# Marine Stoves, Ovens



## TSOJOURNER (Dec 16, 1999)

We have just purchased a Cal 34, 1977,located in Belllingham WA. My wife and I intend to sail her to Seward, Alaska in June of this year, approx. a 3 to 4 week cruise with a 600 mile ocean crossing. This vessel does not have a built in range with oven. Previous owner used a portable propane stove and barbecue in cockpit. We want to install a real range top and oven. These older boats have no propane lockers. Our options seem to be to either install a propane locker in the lazaret with new through hull fitting for venting, or install a new alcohol fueled stove.
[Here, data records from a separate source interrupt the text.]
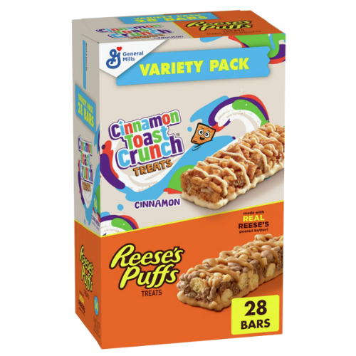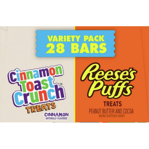 - VARIETY PACK: A portable snack perfect for the pantry, lunch box, and breakfast treat; Includes 14 Peanut Butter & Cocoa Reese's Puffs bars and 14 Cinnamon Toast Crunch bars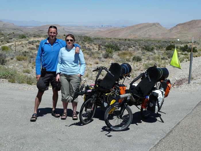 Nous sommes partis de l’hôtel de Las Vegas vers 8h et on s’est tapé une montagne à grimper (1 650m) en gros, pas loin des grands cols que l’on a fait en Septembre dernier en France. Pour notre première journée à vélo, ça a fait très mal aux cuisses!! Le plus dur : le soleil ! il tape hyper fort (30°c), nous avons beau nous protéger, cela n’a pas suffit pas ! On a quand même réussi à brûler : aux jambes, au cou et maintenant je ressemble à un Panda pour Fred et à un raton-laveur pour les américains qui nous reçoivent chez eux.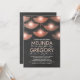 Chalkboard wedding invitation with pink upside down umbrellas with lighting inside.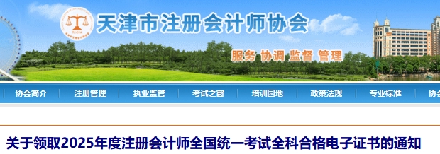 12月16日,天津市注册会计师协会发布了《关于领取2025年度注册会计师全国统一考试全科合格电子证书的通知》,2025年天津cpa全科合格证可以在中国注册会计师协会自行下载,以前年度注册会计师全国统一考试综合阶段考试通过的考生如未领取,可继续领取纸质全科合格证。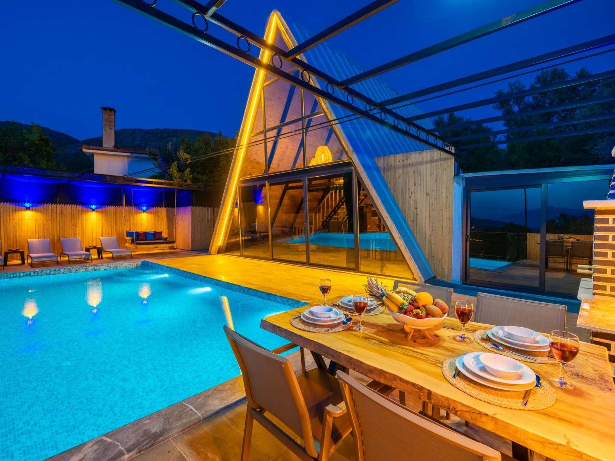 This villa in Kalkan Üzümlü is the perfect place for couples looking for luxury, closeness to nature and privacy in a unique bungalow. A place where you can leave the stresses of everyday life behind and recharge your batteries in a peaceful, natural setting. Welcome to your new home - an oasis of peace and comfort.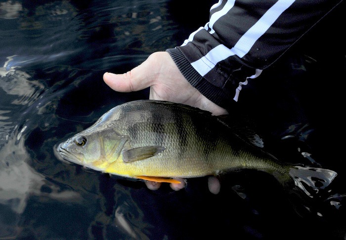 En abbor på 420gr, ja 420 gram du leser riktig, gir meg gåsehud. Jeg er litt usikker på om det er mulig å ha mer flaks. Første kastet for dagen med en kreps, abboren tar i droppet og vips så har jeg min første abboer tatt på kreps. Ikke mye vitenskapelig tenking bak en slik fisk. Men skitt au, det er en flott start på målsetningen for 2016 som er å bruke mer tid på fiske etter abbor, og da først og fremst med kreps. Må si jeg likte formen på fisken, skikkelig høy rygg, noe jeg tror vitner om gode forhold for abboren i dette vannet. Nå glemte vi helt å måle «beistet» så noen lengde foreligger ikke. Uansett utrolig moro for min del og en skikkelig inspirasjonsfisk.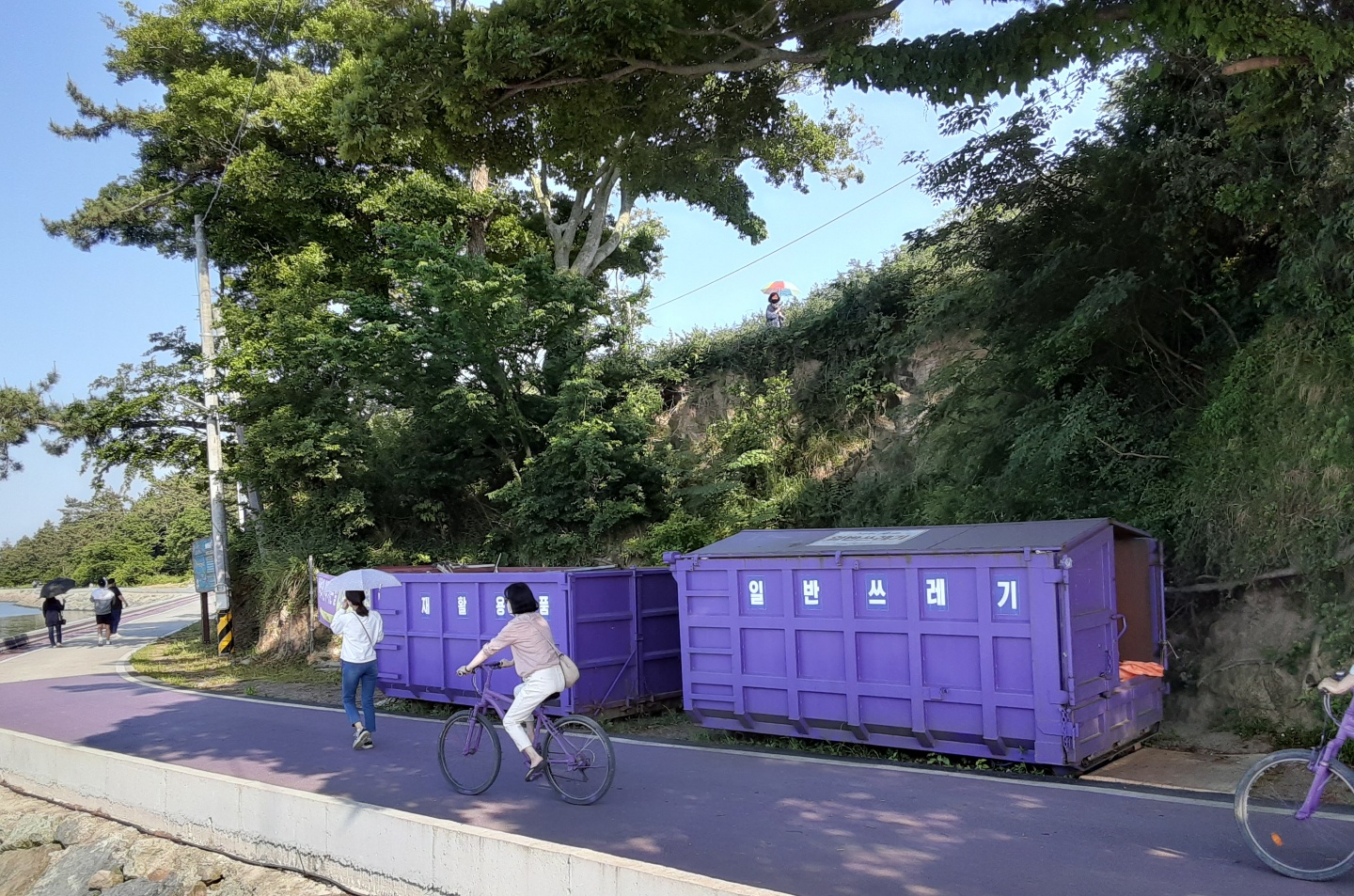 컨테이너 쓰레기통도 보라색이라 신기해서 한컷 했습니다.  자전거도 보라색이네요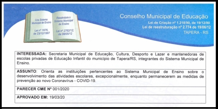 Diante das determinações de interrupção das atividades normais das escolas, visando combater a disseminação do coronavirus (Convid 19), o Conselho Municipal de Educação estabeleceu através do parecer 001/2020, a normatização das atividades à distância, baseada na Nota de Esclarecimento do Conselho Nacional de Educação e no Parecer 001/2020 do Conselho Estadual de Educação.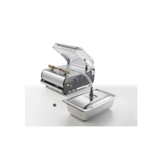 - Ο εξαιρετικός σχεδιασμός μειώνει το αποτύπωμα της μηχανής και βελτιώνει την άνεση - Καμπάνα σε μεγάλη ανάπτυξη θερμοδιαμορφωμένου πλεξιγκλάς σε πάχος όγκου στη mod. 50, έγχυση σε Tritan στις mod. 30 και 40 - Εύκολα αφαιρούμενη ράβδος στεγανοποίησης - Εξαιρετικά εύκολος καθαρισμός χάρη στην τέλεια επιπεδότητα του σχεδίου στήριξης του προϊόντος κατασκευασμένου σε ανοξείδωτο χάλυβα AISI 304 πάχους 5 mm - Αυτόματη ανύψωση του καπακιού μέσω πνευματικών εμβόλων - Επιφάνεια για σακούλες υγρών - Εύκολα και διαισθητικά χειριστήρια αφής - 10 προγράμματα που μπορούν να αποθηκευτούν από τον χρήστη - Πρόγραμμα μαριναρίσματος - Εξωτερικό πρόγραμμα κενού - Μετρητής κύκλων - Δεν διατίθεται με εκτυπωτή ή έκπλυση αερίου - Αυτόματη ανύψωση καπακιού μέσω πνευματικών εμβόλων Προαιρετικά: - Σωλήνας για εξωτερική αναρρόφηση - Δεξαμενές GN για εξωτερική αναρρόφηση - Στήριγμα πλεξιγκλάς.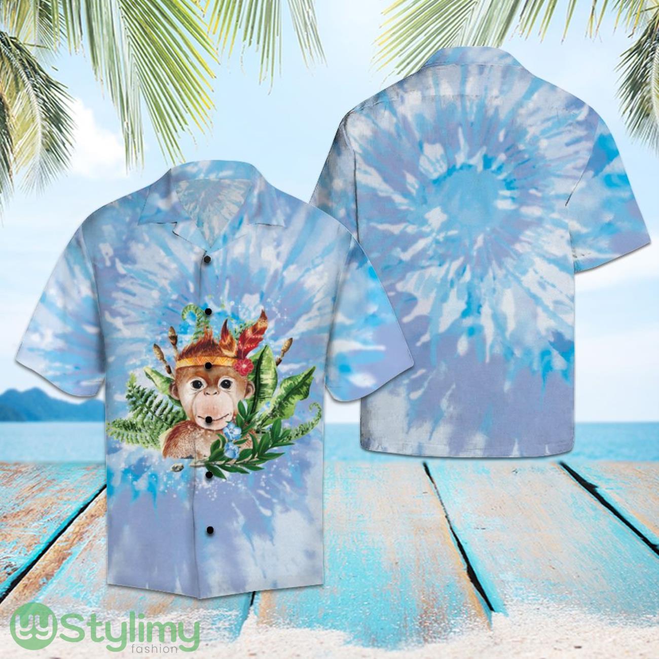 Monkey Blue Tie Dye 3D Aloha Hawaiian Shirt For Men And Women Details: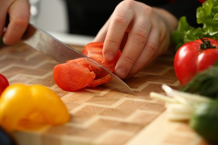 Healthy eating, vegetarian food, cooking, dieting and people concept. Close up woman hands in kitchen at home preparing fresh salad slicing vegetable red tomatoe on cutting board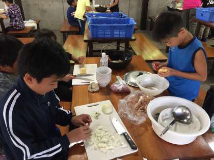 ニンジンやじゃがいもの皮を一生懸命むいている人、玉ねぎを切りながら涙する人…
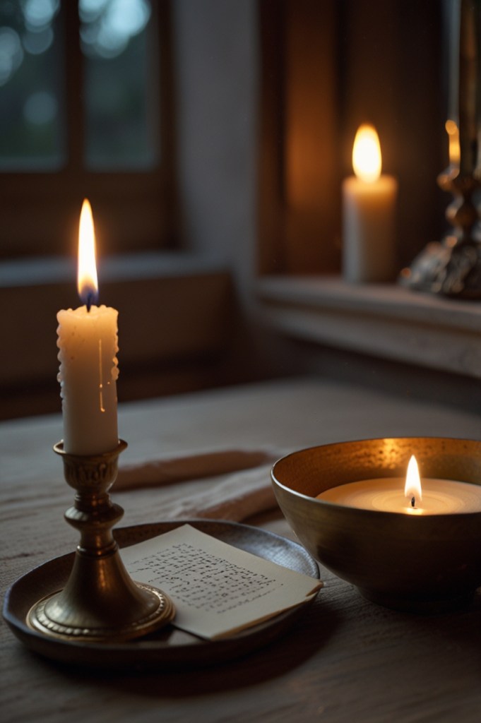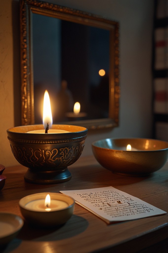 Num espaço silencioso, acenda uma vela branca e uma vela amarela. Sente-se diante de um espelho e escreva:

The alcohol fueled Origo 6000 built in Sweden is the one we are considering. We would really like to use this stove and avoid propane. Anyone with thoughts on this.


----------



## Jeff_H (Feb 26, 2000)

I have used an Origo stovetop for the past 13 years and really like the Origo. The stove is very reliable, safe and easy to use. Unlike earlier alcohol stoves, I find that things heat up quite quickly on the Origo. The burners are rated at a heat that is very close to a typical marine propane burner. (Land based propane stoves generally have higher heat ratings). The Origo seems to be very fuel efficient. I typically used less than a half gallon over a whole sailing season but the high quality alcohol suggested by Origo is not inexpensive. 

I had just been through the same problem that you are going through in that my recently purchased boat''s propane locker was no where near legal, and there was no easy way to make the locker easy. I installed an Origo 6000. I have yet to use the oven. 

I had also seriously considered the Wallas diesel fuel fired stove. These are really neat stoves. While pretty expensive the idea of using diesel is extremely appealing since alcohol and propane are not always easy to obtain but diesel is readily available everywhere. 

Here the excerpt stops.